All eyes are on Philadelphia’s Police Commissioner after the shooting death of Brandon Tate-Brown.
Her words were slow, deliberate and directed mainly towards Philadelphia Police Commissioner Charles Ramsey, who was recently appointed by President Barack Obama to lead the Task Force on 21st Century Policing.
“I’m calling on you because Obama called on you and said you were the best,” said Ms. Tanya Brown-Dickerson, whose son, Brandon Tate-Brown, was shot in the back of the head two weeks ago by a Philadelphia police officer, “I’m calling you out to make it right.”
Among the reforms, Ms. Brown-Dickerson wants to see “new laws” that stop officers from “shooting to kill.”
She believes, as does her supporters, that there’s “no justification” for shooting a man when his back is towards you and he’s unarmed.
“I’m in pain while they try to justify what they do,” said Ms. Brown-Dickerson, who called the words uttered by Commissioner Ramsey in the aftermath of her son’s ambiguous murder, “cold, empty and calculating.”
Not only does the mother of the deceased want more compassion from the top brass, she wants more information and footage of what took place the morning of December 15th.
“Brandon isn’t coming home because of a routine traffic stop… I don’t know the middle of his situation and I do not know the end,” she said.
Body and dashboard cameras, of course, would’ve given both the family and the police department greater insight into the officer-involved shooting. Body cameras, however, are only being tested on cops in the 22nd district – though an officer told me the department has been experimenting with them since the 2011 eviction of Occupy Philly – and police cruisers in Philadelphia don’t have dashboard cameras.

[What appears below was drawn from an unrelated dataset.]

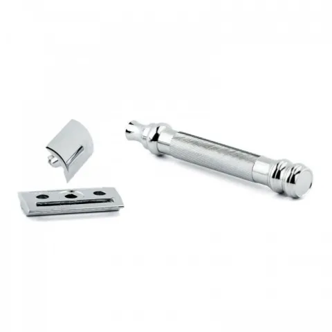 Maszynka do golenia w kształcie litery T PARKER 98 R składa się z trzech części. Aby wymieć żyletki trzeba zdjąć dekielek..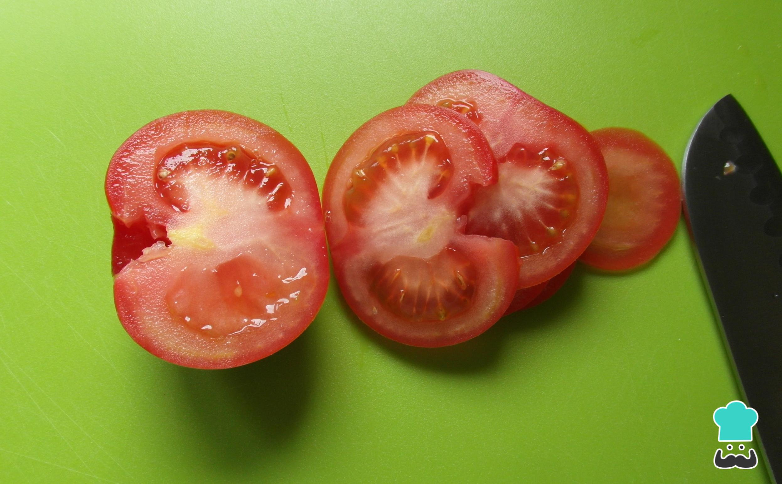 Una vez lista la salsa pesto, lava los tomates y córtalos en rodajas finas, tal y como se observa en la fotografía.

Ms. Denise James, a former journalist currently employed as the Strategic Communications Director for Philadelphia Police Department, confirms that while the department is absolutely looking at body cameras, there are no dashboard cameras, nor are there any current talks about adopting them.
Mr. Kelvyn Anderson, Executive Director, Philadelphia Police Advisory Commission, said while his office hasn’t really had the conversation about dashboard cameras, its not uncommon for police departments to do their work without them.
“Major equipment isn’t automatic in any department,” he said.
Mr. Greg Brinkley, a former correctional officer turned private investigator who’s working with the family of Brandon Tate-Brown to unearth clues that’ll lead to some resolve, said to learn that the Philadelphia Police Department doesn’t have dashboard cameras and that they aren’t even considering them is “preposterous,” considering the concerns of so many when it comes to police brutality.
Mr. Brinkley was among a handful of Philadelphia activist who testified at City Hall last year in front of the United States Department of Justice regarding officer-involved shootings and police brutality in the City.
He said dashboard cameras, given the City’s propensity to tout its 21 century flair, are “way overdue” and suggested if Commissioner Ramsey is serious about being transparent and improving police and community relations, than what better way to start than with more cameras.
Mr. Brinkley said he wouldn’t mind paying more in taxes for the cameras. Even better, he said, “we should take out a bond or court private donors.”
But regardless of how it’s paid for or whether it’s a priority to the police commissioner, Mr. Brinkley said it’s too important to wait and its something the “people will demand!”